When I asked what the group wanted to retain and remove from the CNL role there was general agreement that the patient and ward staff focus remain. As one participant said: “I want to retain the patient focus and the ward staff focus”. Others added, “I want to let go of the budget stuff…. some of the generic quality stuff some of the generic infection control stuff” and “the health and safety stuff”. One participant, however, wished to retain the quality and risk initiatives.

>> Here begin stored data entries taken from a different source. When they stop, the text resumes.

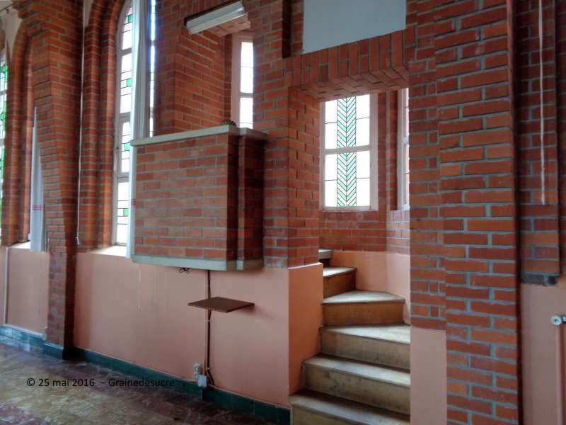 Elle fut reconstruite en pierre et béton. L'apparence extérieure en briques ne laisse pas soupçonner qu'à l'intérieur, le style est très moderne et particuliièrement lumineux.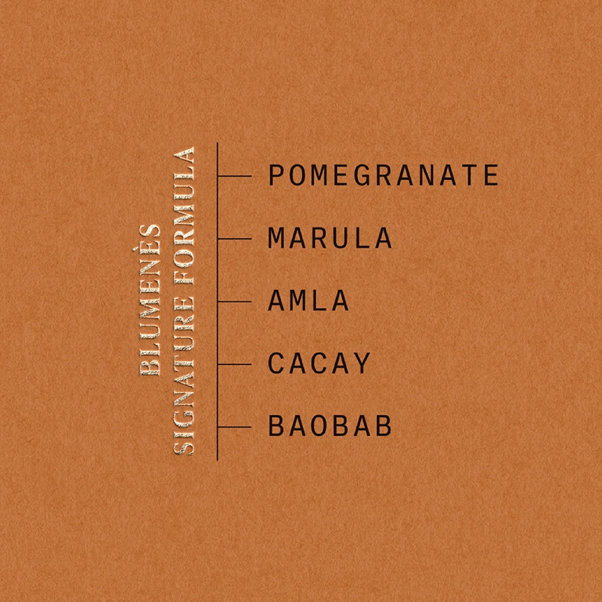 Squalane: Lightweight and deeply hydrating, it helps to balance moisture levels without clogging pores. Sea Buckthorn Oil: Rich in vitamins and fatty acids, it helps to brighten the complexion and protect the skin from environmental damage. Pomegranate Seed Oil: Packed with antioxidants, it helps promote collagen production and reduce signs of aging. Baobab and Marula Oils: Provide deep hydration and nourishment, restoring elasticity and reducing inflammation. Cacay Oil: A natural source of retinol, it helps smooth the skin and reduce the appearance of fine lines and wrinkles. Full Spectrum Hemp Extract: Known for its calming and anti-inflammatory properties, it helps soothe irritated or sensitive skin.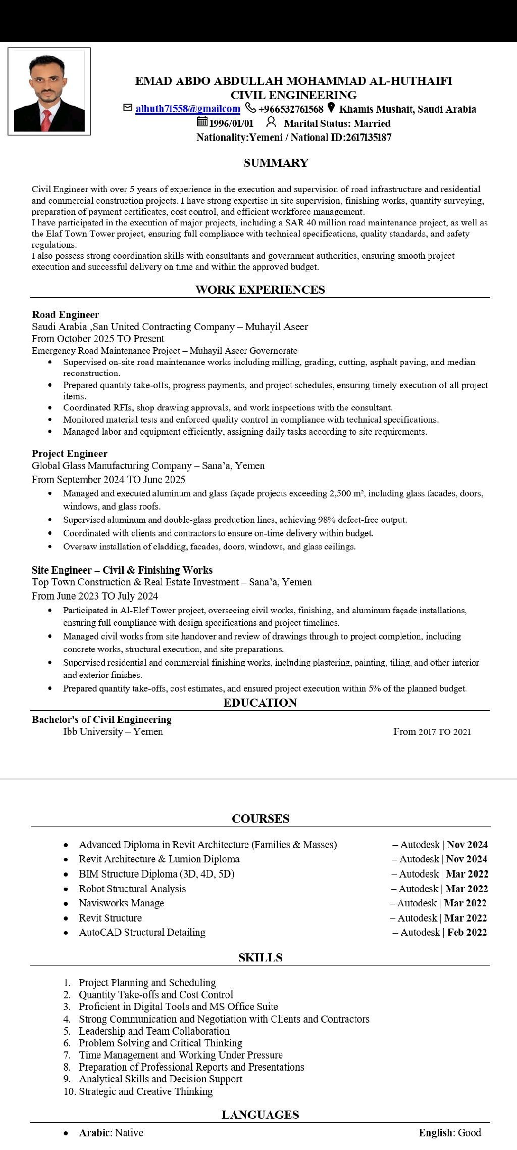 مهندس موقع مدني ابحث عن عمل، أنا المهندس عماد الحذيفي، بخبرة تزيد عن 4 سنوات في مجال مشاريع الهندسة المدنية والاشراف الميداني للعظم والتشطيبات الداخلية والخارجية. لدي خبرة قوية في مراجعة الرسومات التنفيذية، اعداد حصر الكميات (BOQ) متابعة الجداول الزمنية للمشاريع، وضبط الجودة وفق المواصفات الفنية المعتمدة. اقامتي سارية وامتلك رخصة قيادة، متواجد حاليا في الرياض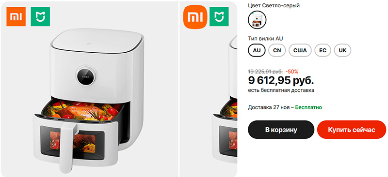 Аэрогриль Xiaomi Mijia на 4 литра. Есть прозрачное окошечко, позволяющее наблюдать за процессом приготовления.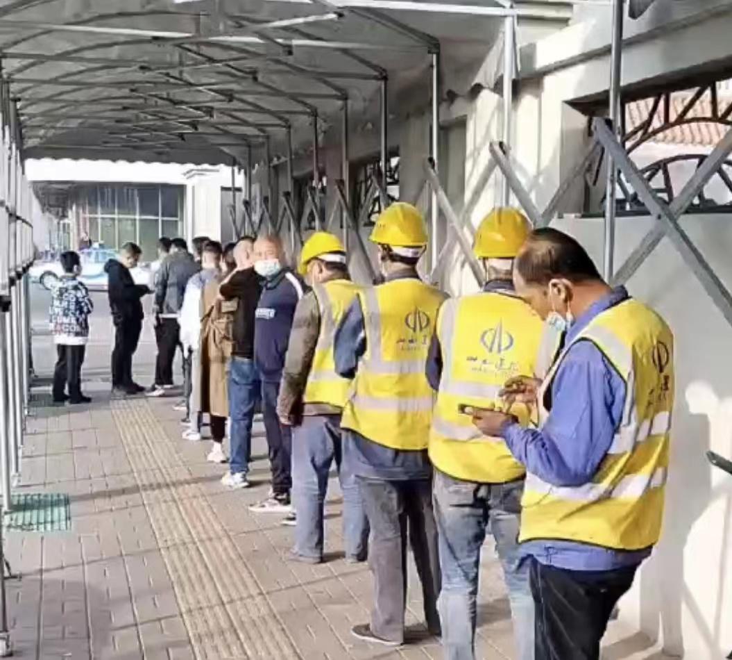 项目部入口处设立疫情防控岗,,安排职员天天24小时值班,,对所有收支职员严酷落实测温挂号和三码联查,,做好排查挂号事情,,严酷执行防疫要求,,对公共区域、办公室、职工宿舍、食堂等区域举行逐日消毒。。。。为提高疫情防控事情科学性,,有备无患、精准施策,,项目部凭证外地疫情防控办公室安排,,第一时间、错峰安排所有事情职员和劳务职员工举行核酸检测,,确保不漏一人。。。。同时增强对施工现场职员头脑治理,,使用逐日班前会对作业职员举行岗前清静教育,,同时开展疫情防控知识宣贯,,时刻提醒和指导从业职员提高清静意识、落实防疫步伐,,从头脑惯性上树立小我私家防护的紧迫意识,,形成了“防控不落空,,项目不歇工”的优异时势。。。。

The budget was again raised with a further general acknowledgement that it was not a priority for Clinical Nurse Leaders. One participant rated it as the lowest priority at this time and another responded: “It’s interesting though, because I believe that while that’s
how we view it, I don’t believe other people view it quite like that for us”. This statement seemed to bring the meeting to a natural close with an action point for one of the participants. The participant was to compare the change in the position description and bring her findings back to the group at meeting six.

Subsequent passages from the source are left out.